The former Frederick County state senator announced his plans Saturday in a leter to the state party's central committee. Mooney said "it is time for me to pursue other ventures."
The anouncement comes after a grueling election year in which Maryland Republicans -- in addition to absorbing an expected shellacking in the presidential race -- lost one of their two remaining congressional seats and saw three party-supported referendum efforts go down to defeat.
Mooney is expected to remain in his unpaid, part-time post until March 1 to allow for an orderly transition. His successor will be chosen at the party's spring convention April 20. In the interim, party Vice Chairwoman Diana Waterman will serve as chair.
David Ferguson, the party's salaried executive director, said he will remain on the job after Mooney steps down.
Mooney, a staunch conservative known for his fire-breathing fund-raising letters, has been a fixture on the Maryland Republican scene since 1998. That year he came out of political obscurity to defeat veteran moderate GOP Sen.
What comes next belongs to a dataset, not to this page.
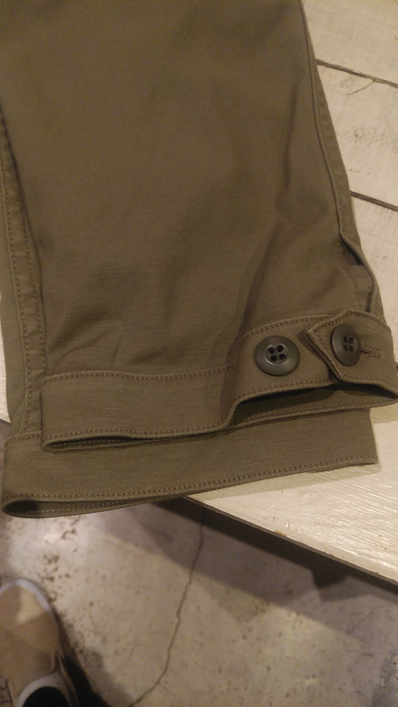 ストレッチ性の高いバックサテンを使用したスリムベイカーパンツです。ヴィンテージのミリタリーパンツをアレンジした細身のシルエットで上品な印象です。ウエストのアジャスターベルトでのウエスト調整や、裾のタブでシルエットの調整が出来るので、色々なコーディネートで合わせていただける汎用性の高さも魅力です。

Jack Derr in the party primary. He served three terms before being narrowly beaten by Democrat Ronald N. Young in 2010.
He wasn't off the stage long, winning a four-year term as party chairman about a month later. After last year's election, in the weeks leading up to the December Republican state convention in Howard County, there were rumblings of discontent over Mooney's leadership, but nobody mounted a overt challenge to his continuance in that post.
In his letter, Mooney boasted that the party, despite its electoral reverses, improved its financial stability under his leadership. He said the state party raised $1.1 million last year -- far exceeding expectations.
A party source said that when Mooney was asked Saturday whether his resignation was a signal that he was considering a run against freshman Democratic Rep John Delaney in the Sixth District, the outgoing chairman said he was not closing any doors.
Such a race would be a long shot, however, because Delaney ousted longtime incumbent Republican Roscoe Bartlett by about 20 points in a district redrawn to favor Democrats.